Trudno to stwierdzić na podstawie tych zdjęć, ale chociaż beton jest super błyszczący i masywny, nadal ma niedoskonałości, co zdecydowanie stanowi część uroku. Zamiast wyglądać jak duży blok błyszczącego plastiku, nadaje mu atmosferę surowego betonu – nawet w błyszczącym białym kolorze. Następne zdjęcie prawdopodobnie najlepiej pokazuje kilka jasnych śladów kielni.
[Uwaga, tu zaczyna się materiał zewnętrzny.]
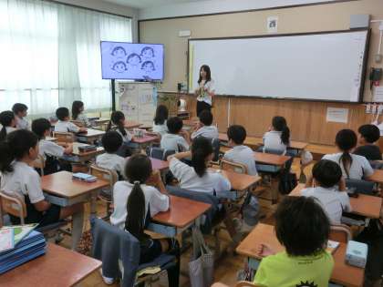 また、養護教諭による保健指導では、目について学習しました。目をリフレッシュする「目のたいそう」もしてみました。
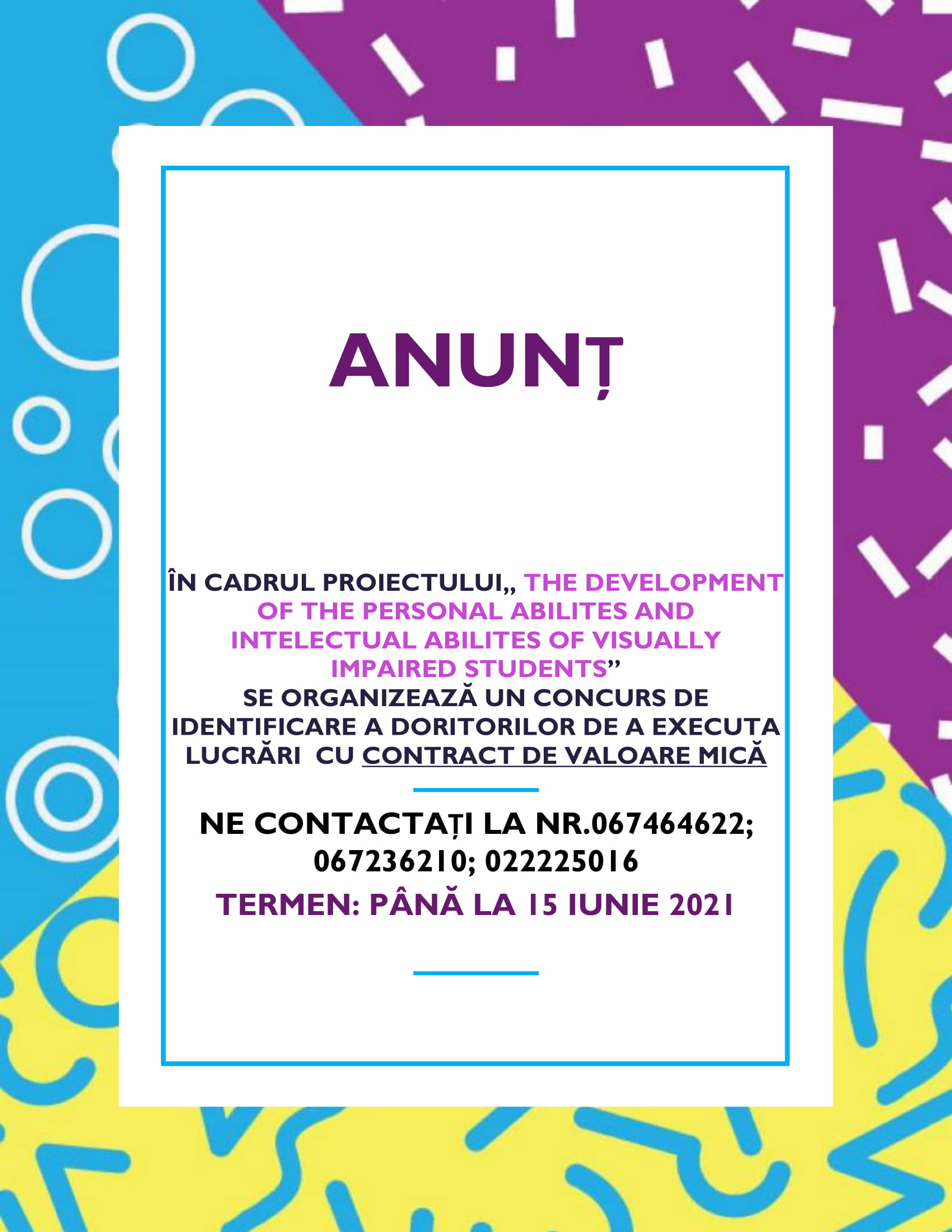 Anunt cu organizarea concursului pentru contract de valoare mică
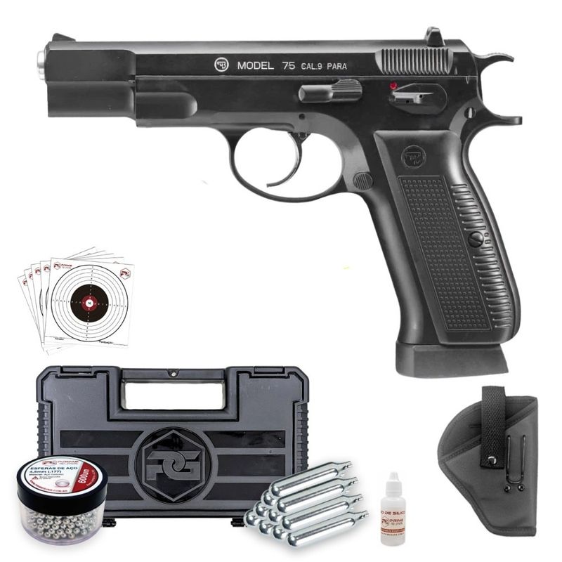 A Pistola CZ75 ASG Airgun Blowback Metal 4,5mm Co2 Coldre dispara no modo Semi Automática com velocidade de 328fps - 100m/s e energia de 1,6 Joules Ver mais
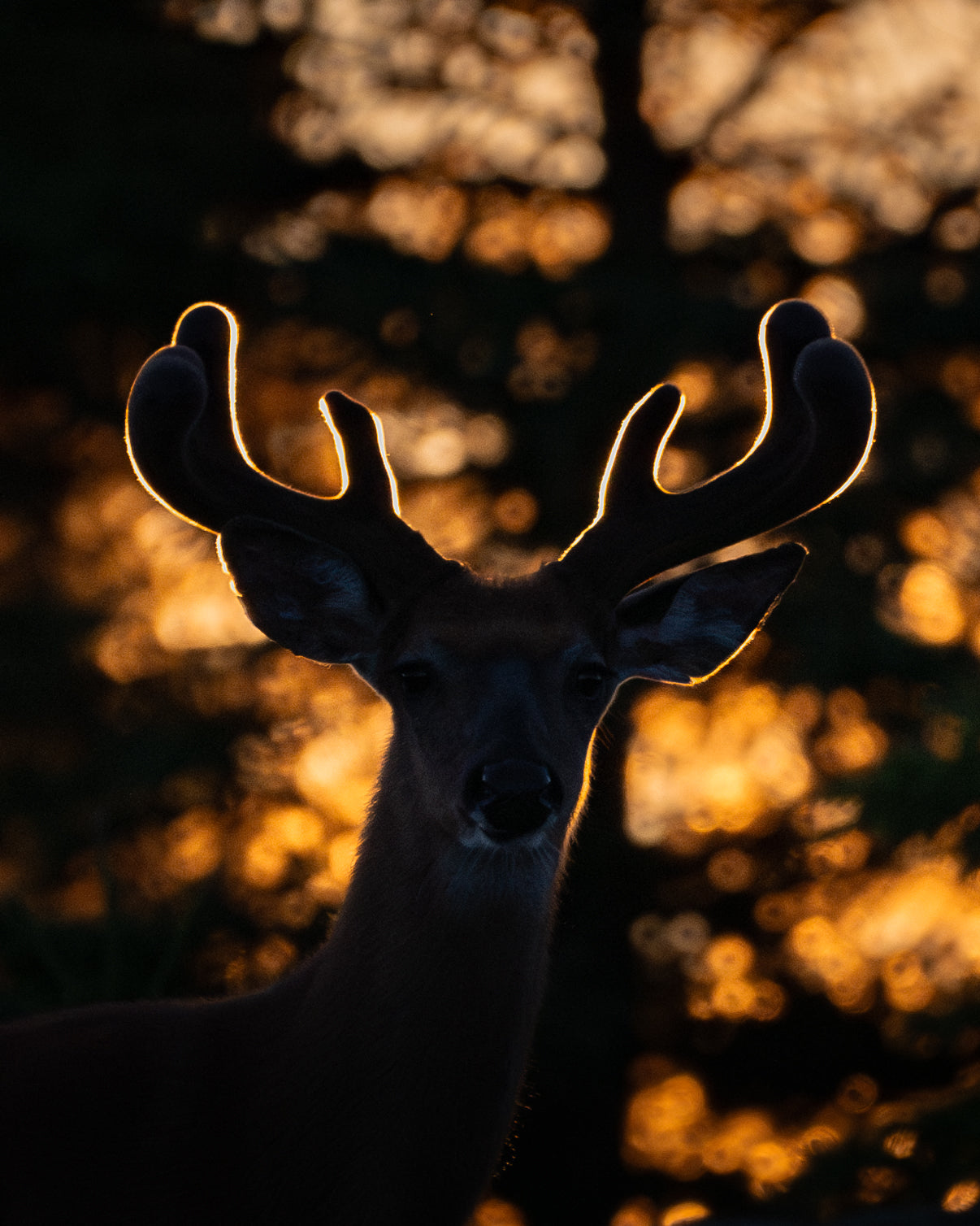 Celui qui menait le groupe était particulièrement énorme, je l'ai surnommé Colosse. Je me souviens m'être donné la mission de le rephotographier lorsque ses bois seraient pleinement développés, quelques mois plus tard. Les cervidés sont ensuite passés près de moi pour finalement se placer à contre-jour, et j'ai pu capter une image de la silhouette de Colosse à contre-jour. On pouvait voir que ses bois avaient encore beaucoup de croissance à faire, juste par l'immensité des boules au bout de ses pointes.

Wszystko wydaje się gładkie w dotyku, ale jeśli przyjrzysz się uważnie, na pewno tam są. Ponownie, jest to część zainteresowania, jakiego oczekiwaliśmy od procesu Ardex (a przynajmniej moja wersja – ha!), a dla nas zastępuje ruch, który uzyskalibyśmy z kamienia podobnego do marmuru.
Sherry i ja również omówiliśmy wszystko, od bejcowania drewnianej podstawy na nieco ciemniejsze (szczególnie w celu zamaskowania jasnych krawędzi) po pomalowanie podstawy na błyszczącą biel, aby podkreślić ciekawy kształt nóg. Ale na razie argumentowałem, że powinniśmy po prostu kopać nogami i cieszyć się, że mamy miejsce, w którym możemy naprawdę kopnąć nogami. CZY PROSZĘ O DUŻO?
regał / podobna różowa poduszka / podobna niebieska poduszka / białe żaluzje ze sztucznego drewna
I nawet nie zaczynaj mi mówić o innych zmianach mebli, o których myślimy w tym pokoju. Właściwie odkąd zrobiliśmy te zdjęcia, pomalowaliśmy i odzyskaliśmy dwa fotele do tej ściany po prawej stronie, więc jest tu teraz o wiele wygodniej i wygodniej (chociaż myślimy o kilku innych zmianach, zanim to zakończymy). Ale to temat na inny dzień!
Również! Jeśli masz jakieś pytania dotyczące domu na plaży (lub pytania dotyczące koloru farby, których również często dostajemy).
P.S. Czy rozumiesz nasze? bezpłatne cotygodniowe e-maile ? Uwielbiamy wysyłać dodatkowe szczegóły, wskazówki projektowe, przypadkowe przemyślenia na temat stylu i inne rzeczy związane z domem. Kliknij Tutaj aby otrzymać je prosto do skrzynki odbiorczej. I dziękuję wszystkim, którzy już są na liście – Sherry uwielbia układać je dla Ciebie co tydzień.